Tomato Bread I - cooking recipe

Ingredients
    1 cup tomato juice
    1 cup water
    1 (.25 ounce) package instant yeast
    1/4 cup vegetable oil
    1/3 cup honey
    1/4 cup chopped fresh parsley
    1/4 cup chopped green onions
    2 cloves garlic
    1 carrot, shredded
    1 teaspoon salt
    6 cups bread flour
Preparation
    In a sauce pan, heat the tomato juice and water over a low heat until warm to the touch. Pour into a large warmed bowl, and add yeast and honey; stir to dissolve yeast. Allow to rest until yeast is creamy.

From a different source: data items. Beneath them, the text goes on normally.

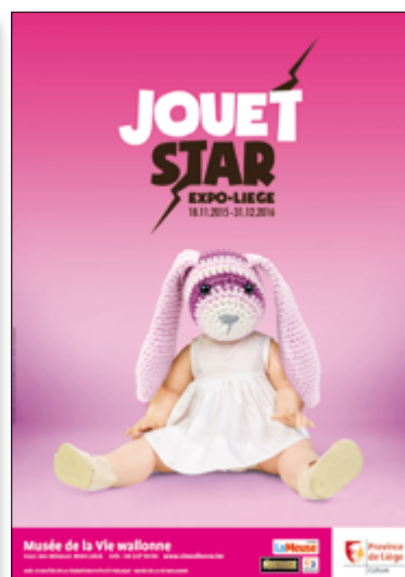
Visuel JOUET STAR 3 - La PetiteMiss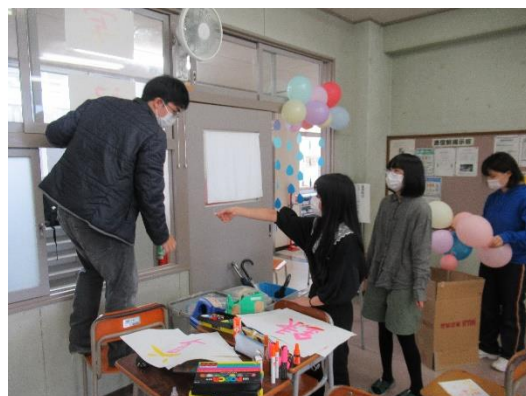
クラステーマの提示中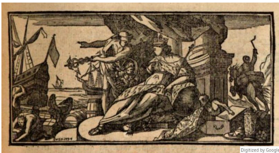
Illustration page 7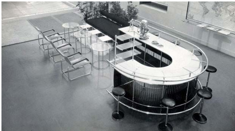
Fig. 1. Bauatelier Gropius con Marcel Breuer: prototipo de club social de una torre de viviendas. Exposición de la Deutscher Werkbund en París, 1930

Como vemos, la concepción industrial y productivista se impone. Si en el Manifiesto de 1919, Gropius instaba a los arquitectos, escultores, pintores a fusionarse con un nuevo artesanado, ahora son el obrero, el trabajador industrial y el ingeniero a quienes encomienda la construcción de las máquinas de habitar. Gropius se muestra en este texto implícitamente convencido de que la primacía de los nuevos procesos de producción fabriles es irreversible, por lo que resultaría contraproducente y, a la postre imposible, mantener una metodología artesanal. Pero, además, manifiesta abiertamente que “las exigencias espirituales de nuestros días”, los nuevos “modos de vida” de la sociedad moderna surgida de la revolución industrial, requieren nuevas formas para nuestros hábitats. Las formas abstractas de las máquinas (“los artefactos creados por el ingeniero”) sustituirán a la ornamentación figurativa de los “delineantes de adornos” (Fig. 1). En el fondo, la idea fundamental que subyace en todo el texto es que la belleza de los objetos industriales –que en términos baudelairianos recogería “lo transitorio, lo fugitivo, lo contingente” de los tiempos modernos– 5 tiene unas características diferentes a la belleza artística propia de las anteriores artes decorativas.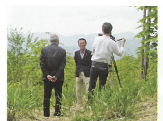
郡上漁業協同組合長の インタビュー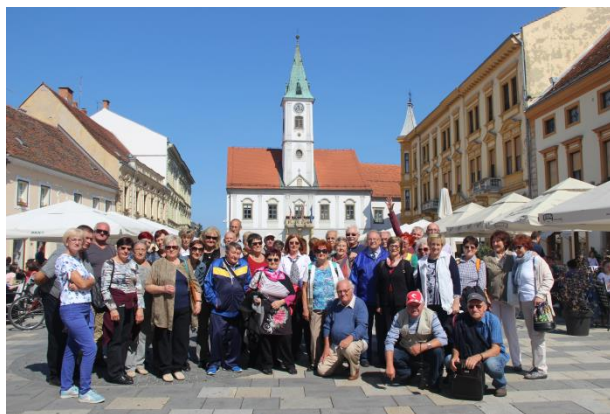
Izlet v Varaždin.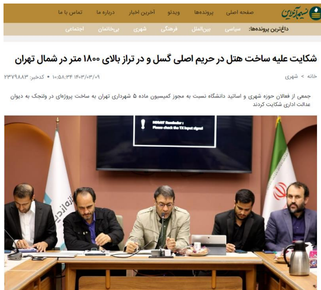
شکل ۳. تصویر خبر برگزاری کنفرانس خبری استادان و متخصصان در مورد شکایت علیه

یکی دیگر از راهکارهای به کار گرفته شده از سوی شهروندان برای محدود کردن اقدامات غیراصولی در کمیسیون ماده پنج شهر تهران، برگزاری کنفرانس مطبوعاتی و نشست خبری بوده است. پس از طرح شکایت استادان دانشگاه علیه صورت جلسه کمیسیون ماده پنج برای صدور مجوز ساخت برای هتل شمال ولنجک، یک نشست خبری از سوی استادان دانشگاه و متخصصان شکایت کننده در این پرونده برگزار شد که ابعاد فنی موضوع و روند پیشرفت پرونده به اطلاع ارباب جراید رسید.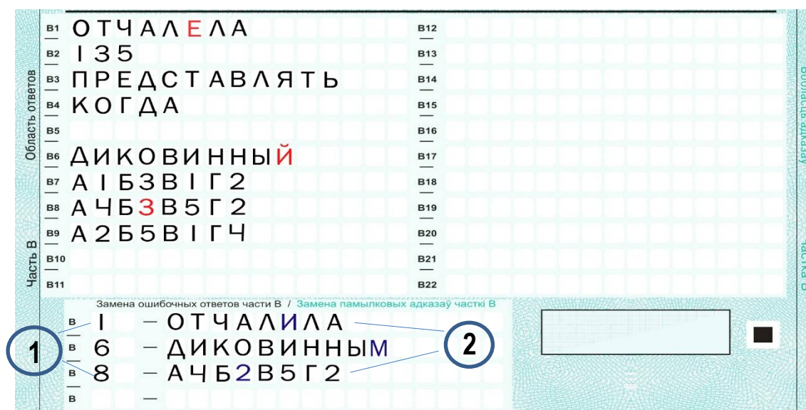
Рис. 4. Область замены ошибочных меток в части В

При проведении централизованного экзамена по иностранным языкам ответственный педагогический работник обязан сообщить участникам ЦЭ, что образцы написания латинских букв находятся в самой экзаменационной работе перед частью В.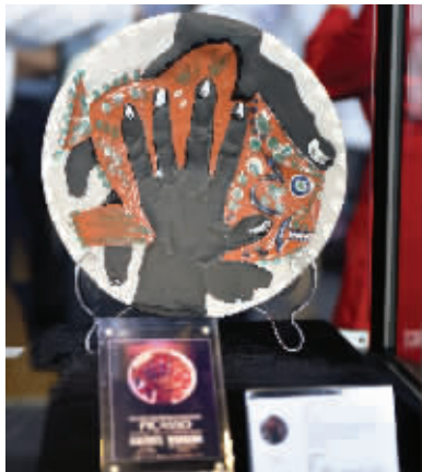
毕加索的《捧着鱼的手》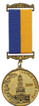
"Харків'янин року" - 2009

    Mix in oil, parsley, onion, garlic, carrot, and salt. Add 1 cup of the flour, and stir until smooth. Add more flour, until a firm dough is formed. Knead five minutes on a lightly floured surface. Place dough in a greased bowl, and turn to coat the surface completely. Allow to rise in a warm place until doubled in size.
    Punch down, and divide into halves. Form two loaves, and put into greased 9 x 5 inch loaf pans. Allow to rise for another 45 minutes, or until loaves have doubled in size.
    Bake at 400 degrees F (220 degrees C) for about 30 minutes, until golden brown. Remove from pans to wire rack to cool.